David Selzer is a writer of poetry, prose fiction, screenplays and stage plays. He embraces digital platforms to share his work of more than fifty years… READ MORE


  • GLIMPSING GODS

    That evening in the Poseidon Lounge of our

    5 star clifftop hotel, spa & resort –

    with the tideless Mediterranean

    lapping soundlessly, timelessly out of sight –

    there was something about the in-house

    entertainment team’s announcing

    the week’s festivities, some gaucheness perhaps,

    an enforced glee, which reminded me

    of school camp on the Lleyn Peninsula

    the August I was nine, and we ate

    Wagon Wheels round the fire, and told jokes

    about Hitler, the war being recent.

     

    The first day I woke anxious at dawn, and peed

    in my sleeping bag.

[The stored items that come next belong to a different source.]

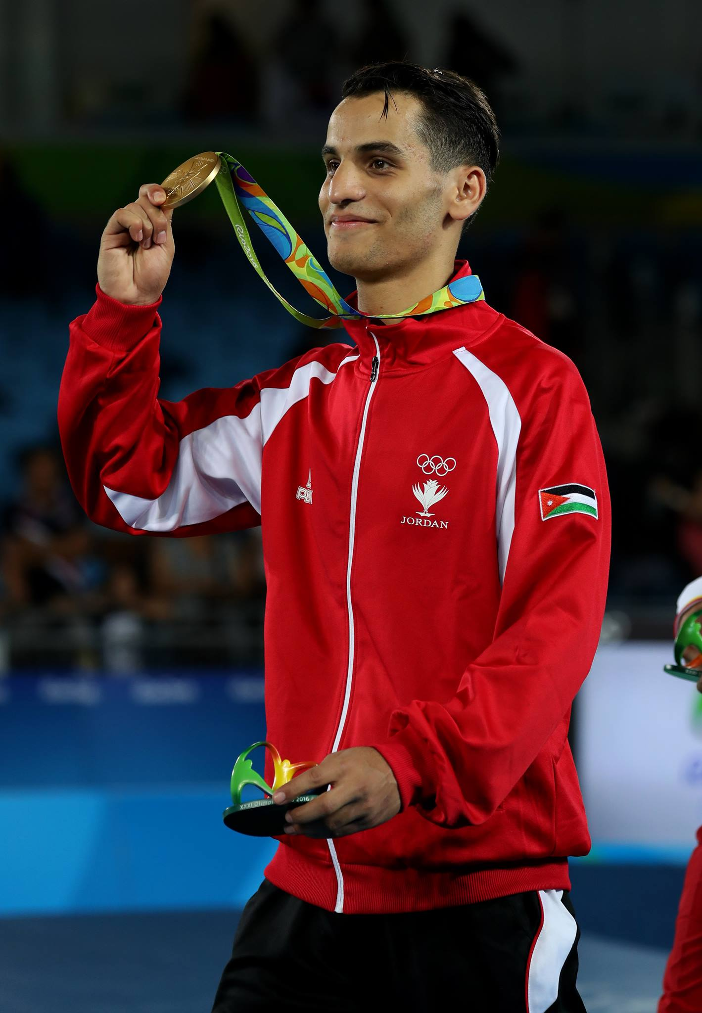 Ahmad Abughaush by Salem Khames the 2016 Summer Olympics in Rio de Janeiro, in the men's 68 kg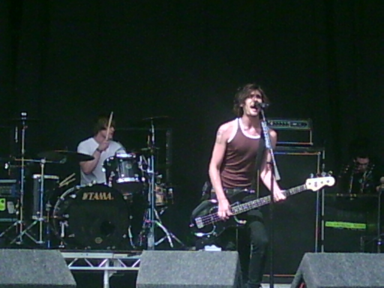 The All-American Rejects, Leeds Festival, 2005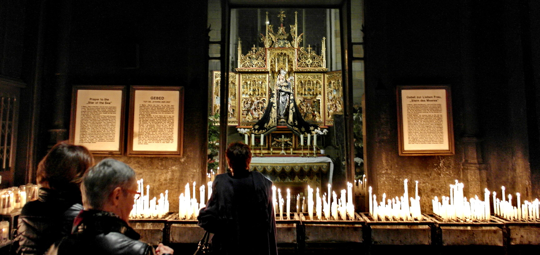 Maastricht, the Netherlands. Interior of the chapel of Our Lady, Star of the Sea.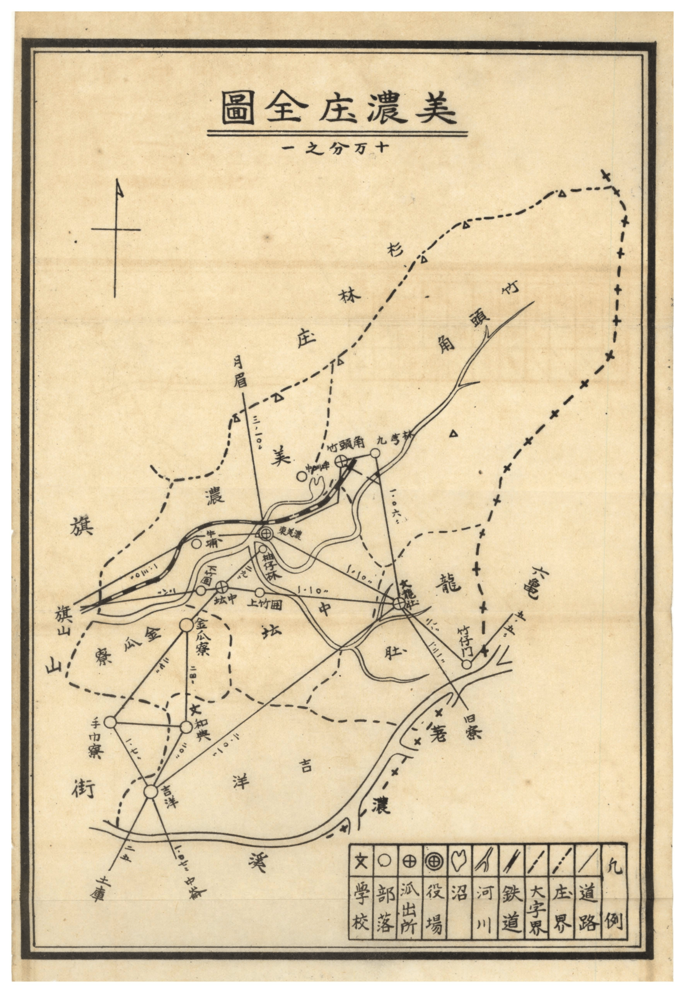 Map of Mino Village, published in 1938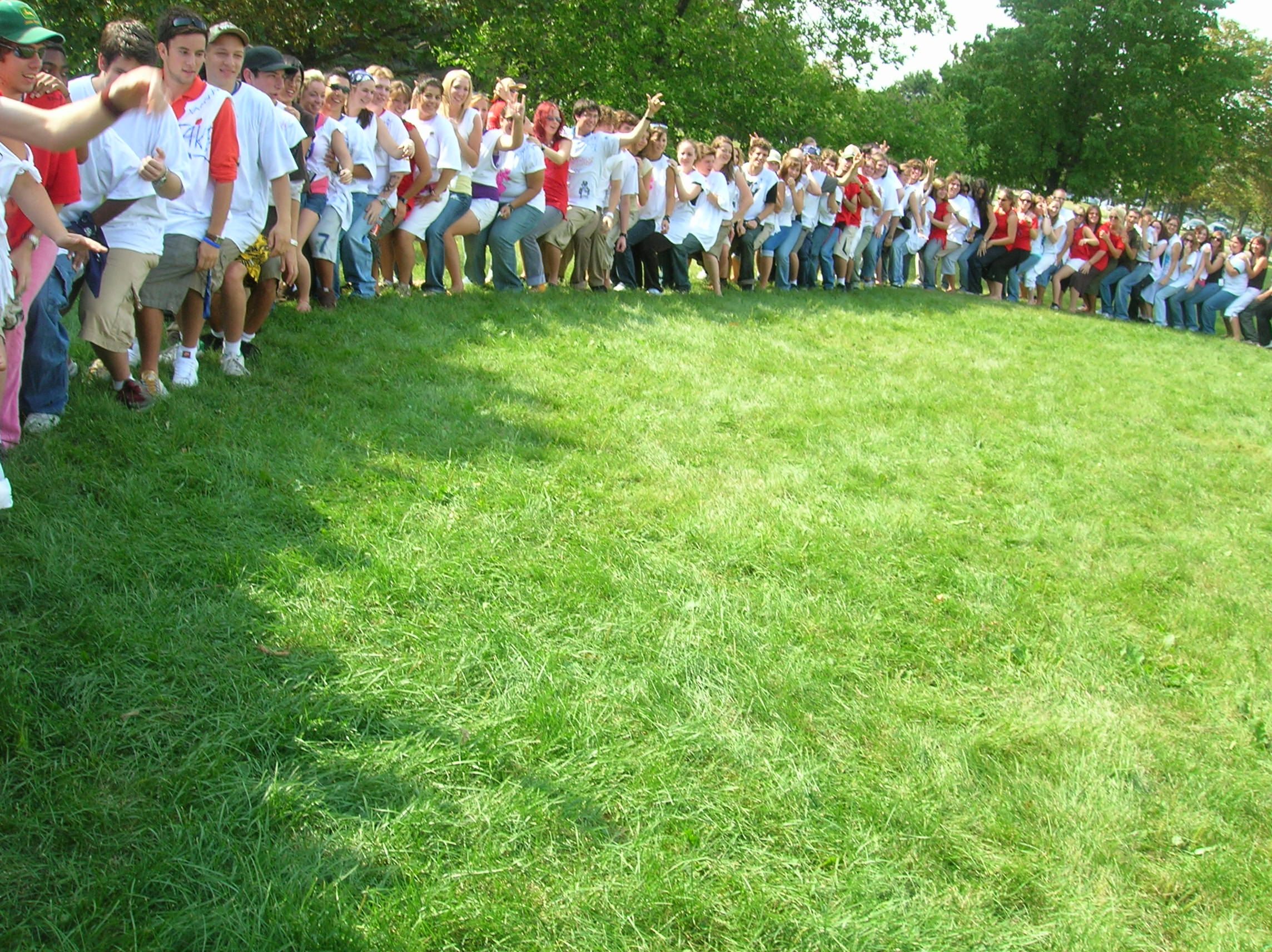 Winters Frosh Week 2006, Description: Winters frosh playing icebreakers Source: Own work Date: 28 August 2006 Permission: Own work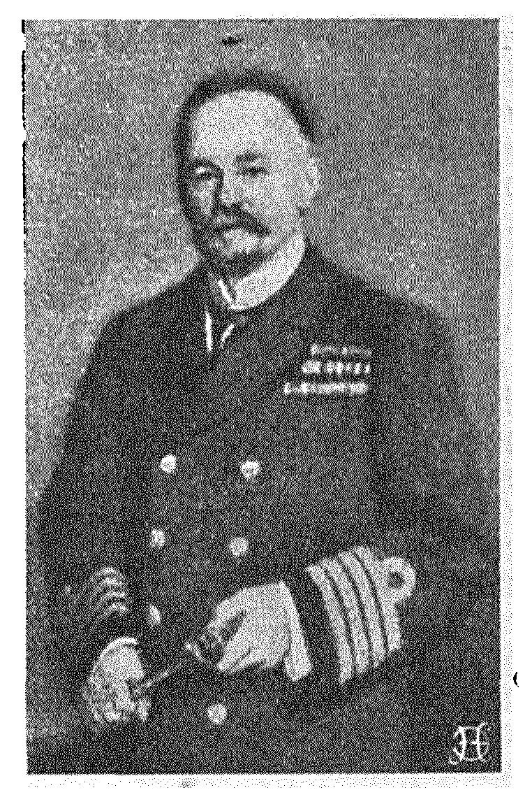 Admiral Sir Percy Moreton Scott, 1st Baronet, KCB, KCVO, LL.D (10 July 1853 – 18 October 1924) was a British Royal Navy officer and a pioneer in modern naval gunnery. During his career he proved to be an engineer and problem solver of some considerable foresight, ingenuity and tenacity. He did not, however, endear himself to the Navy establishment for his regular outspoken criticism of the Navy's conservatism and resistance to change and this undoubtedly slowed the acceptance of his most important ideas, notably the introduction of directed firing. In spite of this, his vision proved correct most of the time and he rose to the rank of admiral and amongst other honours was made baronet, a hereditary title.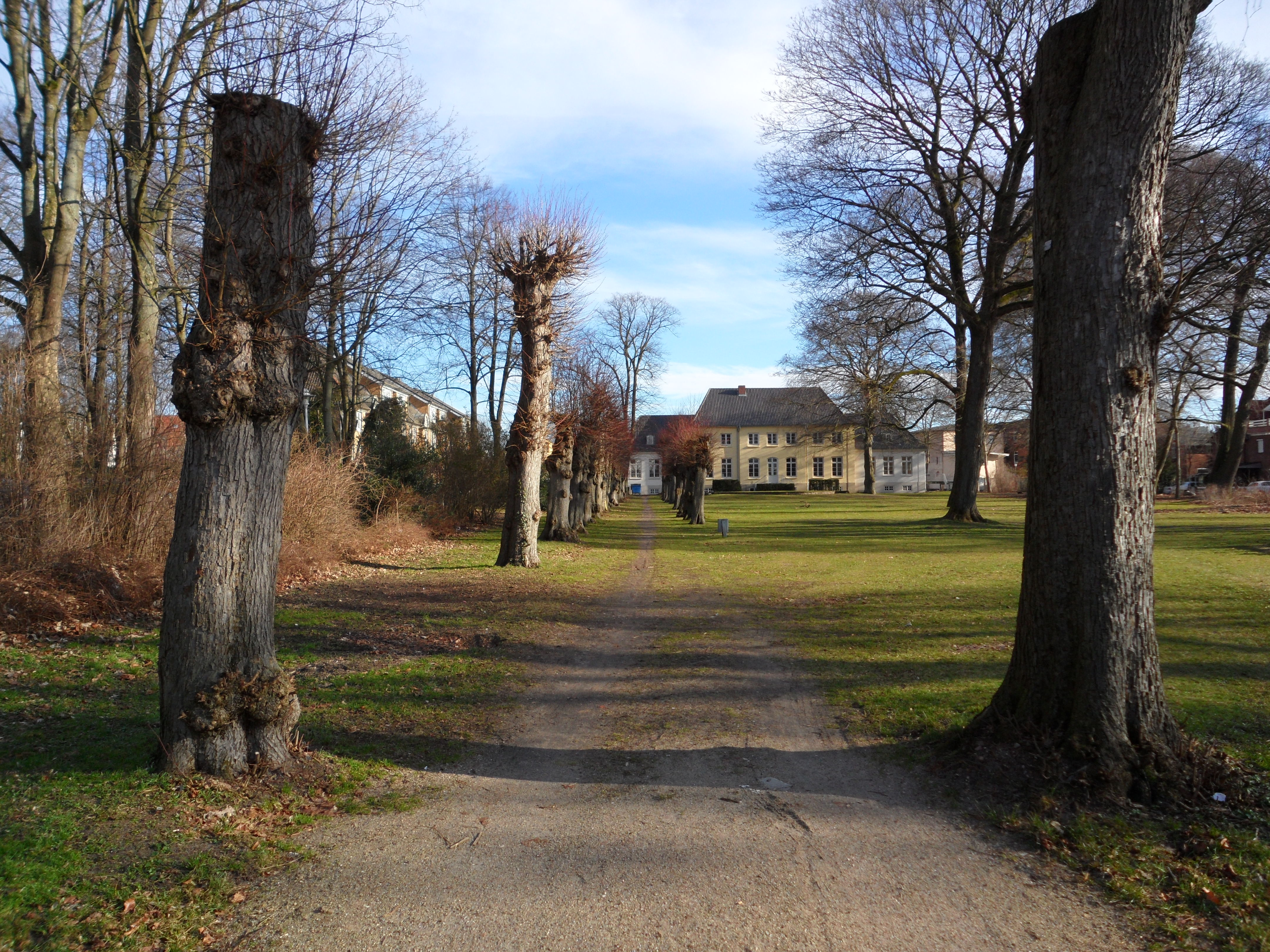 Lime tree alley in the garden of the Casper-Von-Saldern-Haus with house in the background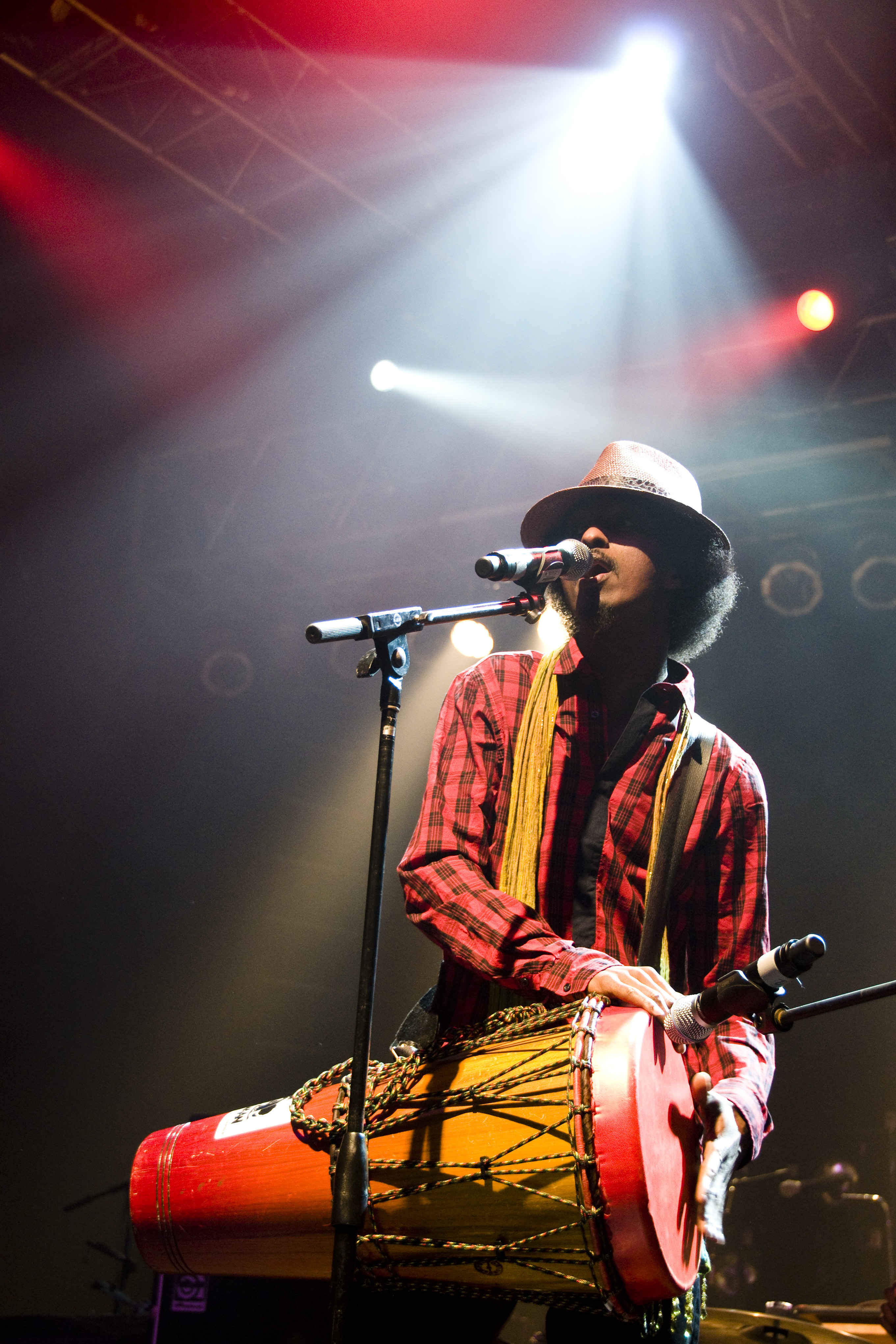 K'naan performing at the Austin Music Hall during SXSW, March 2009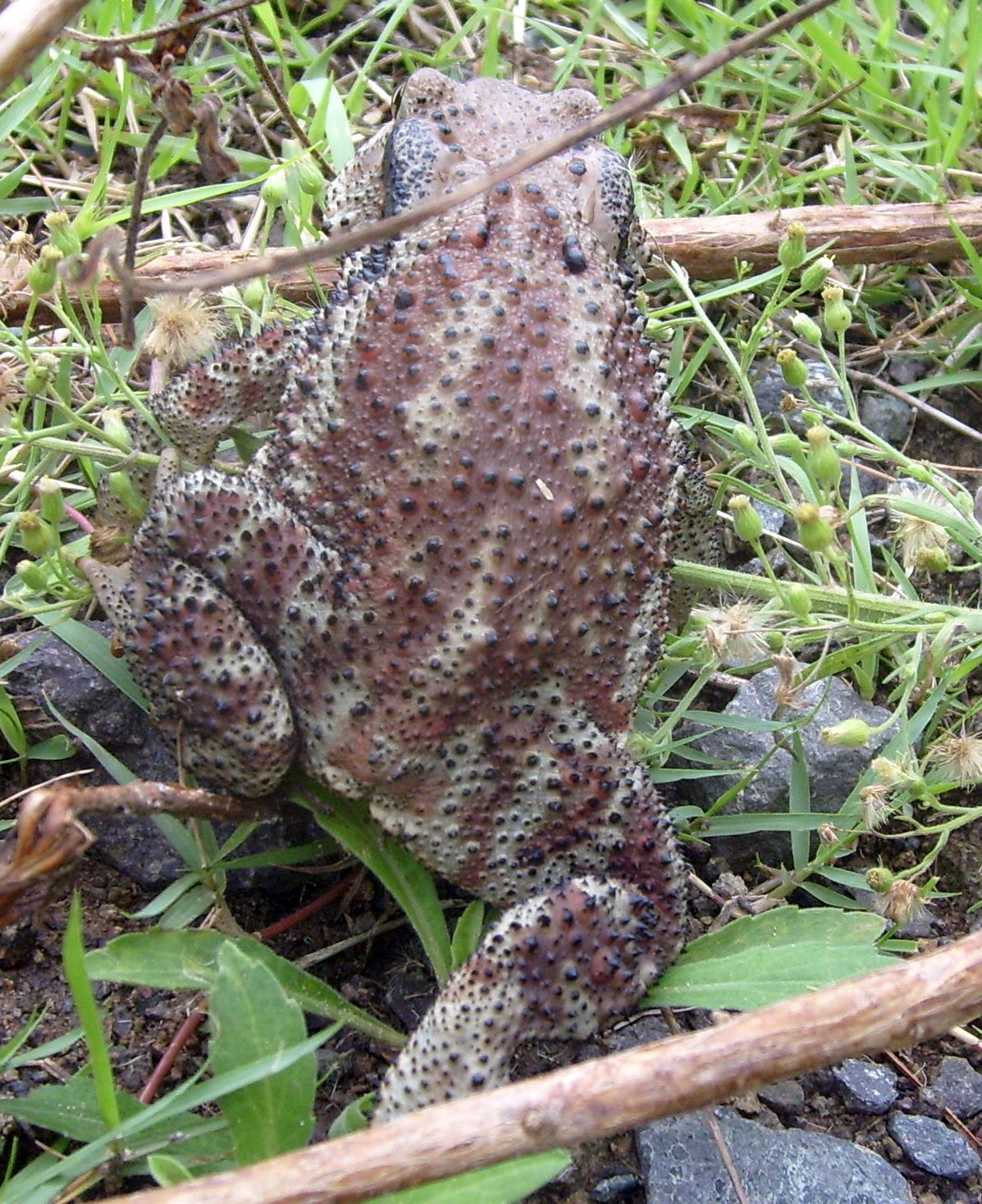 Adult Bufo gargarizans, the Asiatic toad, walking through grass on hillside in Miryang, South Korea. - Google Maps - Google Earth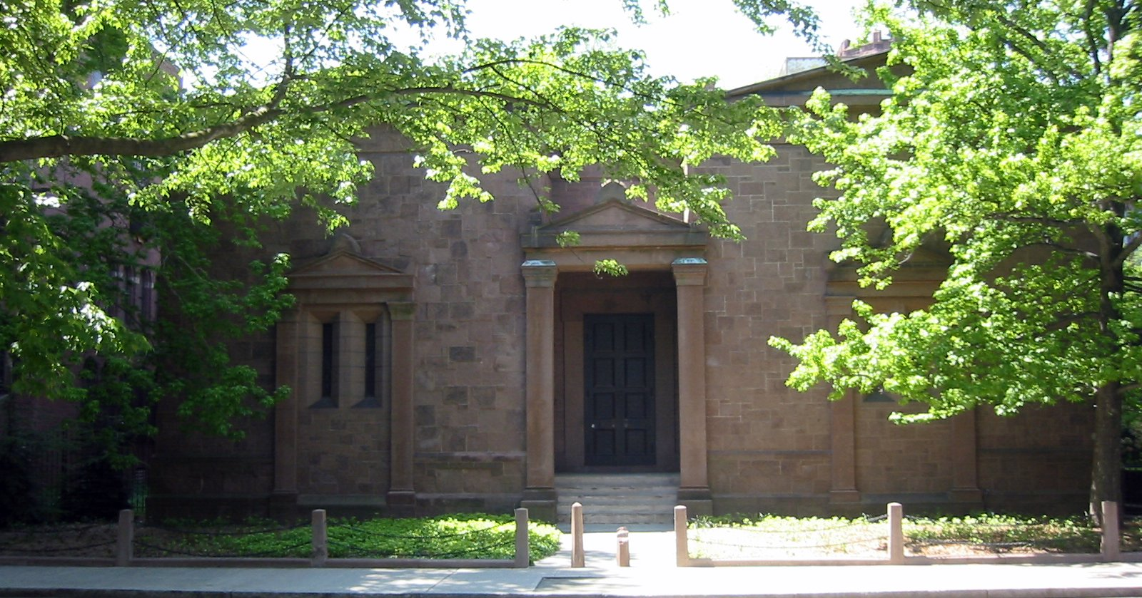 The Skull & Bones Tomb, circa 2006.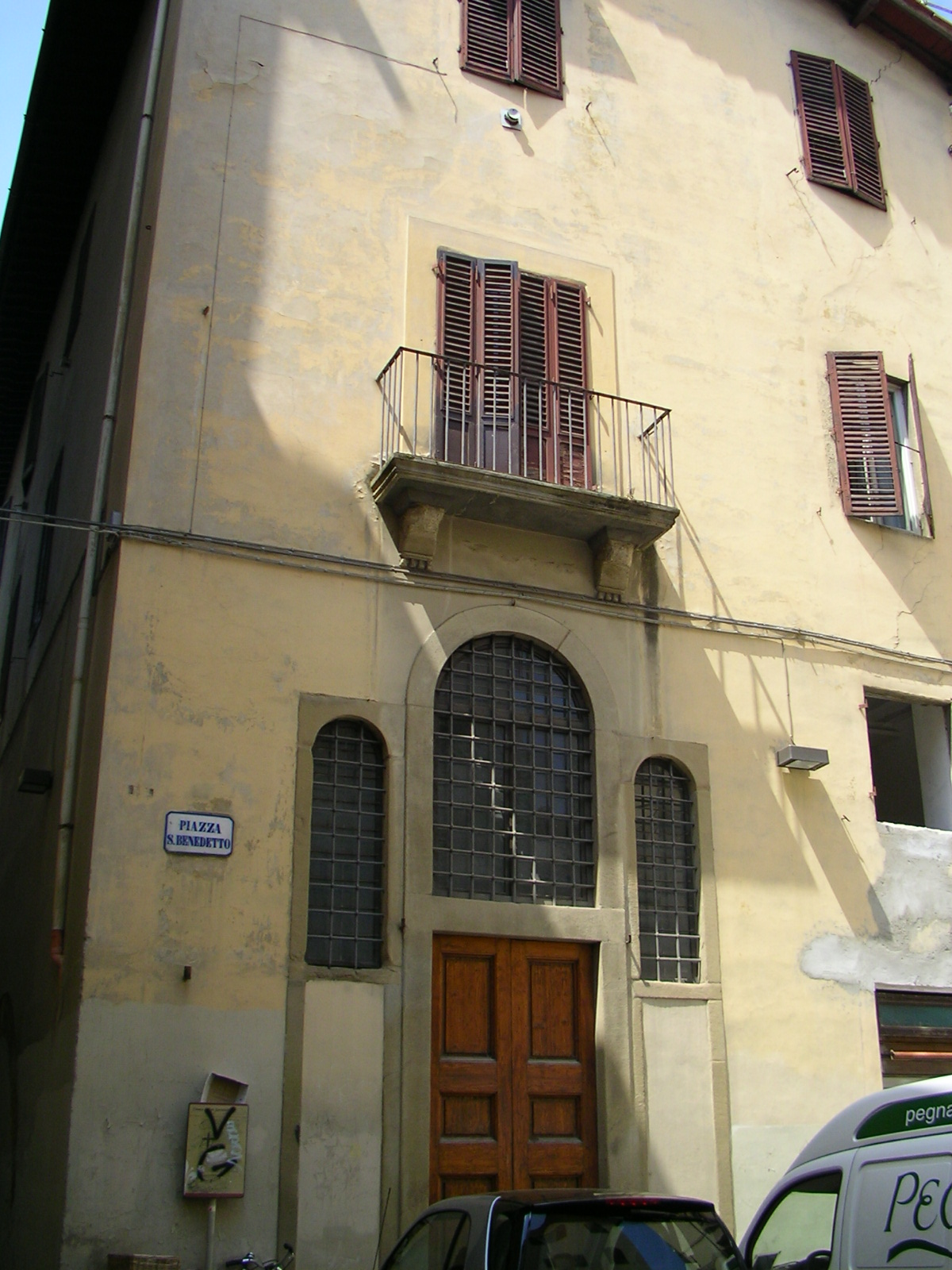 San benedetto church front view in Florence, Italy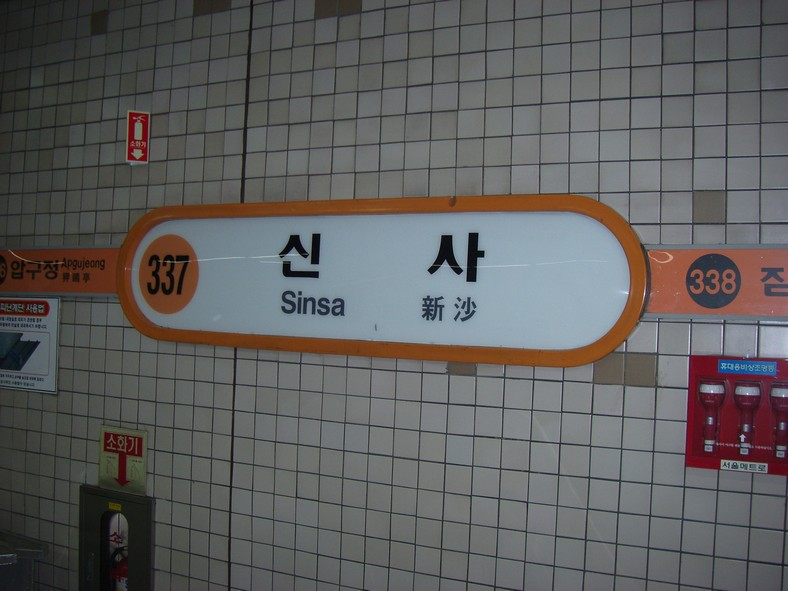 Sinsa Station

I told no one, and slept

    in damp bedding for however many days

    and nights we were there in the ex-army

    ridge tent, vast, dark, noisome. Even in sun I

    shivered and drifted as my fever rose –

    and nobody knew. On Porth Neigwl beach,

    or Hell’s Mouth, where Atlantic rollers roar

    I dreamt –  beyond my insouciant fellows’

    paleness in the shimmering and pulsing waves –

    I saw a glistening, slate grey dolphin

    rise and fall, effortlessly, endlessly.